STORED DATA
* * * * * * * * *
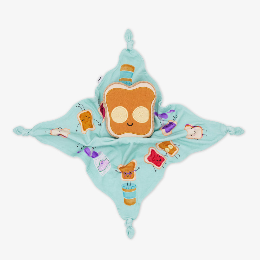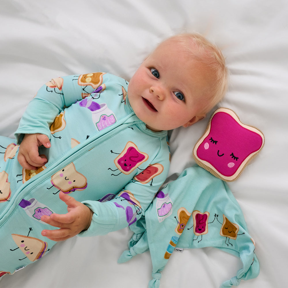 From lunchtime to snuggle time, Sammie the PB & J Sleepyhead Lovey is here to spread love! Featuring a plush two-sided sammie on top and buttery soft bamboo security blanket on bottom, it’s comfort food in lovey form. Match it perfectly to their Lunch Buddies pajamas for a look that’s love at first bite! Made from our signature Lunaluxe® Bamboo, this sweet and salty sammie is oh-so soft and gentle on sensitive skin.
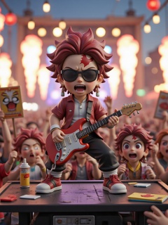 3D Tanjiro is wearing rock - style clothing, sunglasses, holding an electric guitar, with a wild expression, playing passionately.The scene is a lively rock music festival. The stage is filled with flashing lights, and the audience is cheering madly. There are various uniquely - shaped posters and decorations around.
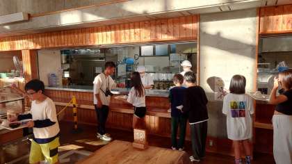 入浴のあと、山の家での最後の夕食。準備から後片付けまで自分たちでできるようになってきました。お腹いっぱい食べて、夜のキャンプファイヤーに臨みます。
* * * * * * * * *
WHAT THE TASK REQUIRES
When a line carries an image, skip the image and repeat everything else above exactly as written.

TASK RESPONSE
 From lunchtime to snuggle time, Sammie the PB & J Sleepyhead Lovey is here to spread love! Featuring a plush two-sided sammie on top and buttery soft bamboo security blanket on bottom, it’s comfort food in lovey form. Match it perfectly to their Lunch Buddies pajamas for a look that’s love at first bite! Made from our signature Lunaluxe® Bamboo, this sweet and salty sammie is oh-so soft and gentle on sensitive skin.
 3D Tanjiro is wearing rock - style clothing, sunglasses, holding an electric guitar, with a wild expression, playing passionately.The scene is a lively rock music festival. The stage is filled with flashing lights, and the audience is cheering madly. There are various uniquely - shaped posters and decorations around.
 入浴のあと、山の家での最後の夕食。準備から後片付けまで自分たちでできるようになってきました。お腹いっぱい食べて、夜のキャンプファイヤーに臨みます。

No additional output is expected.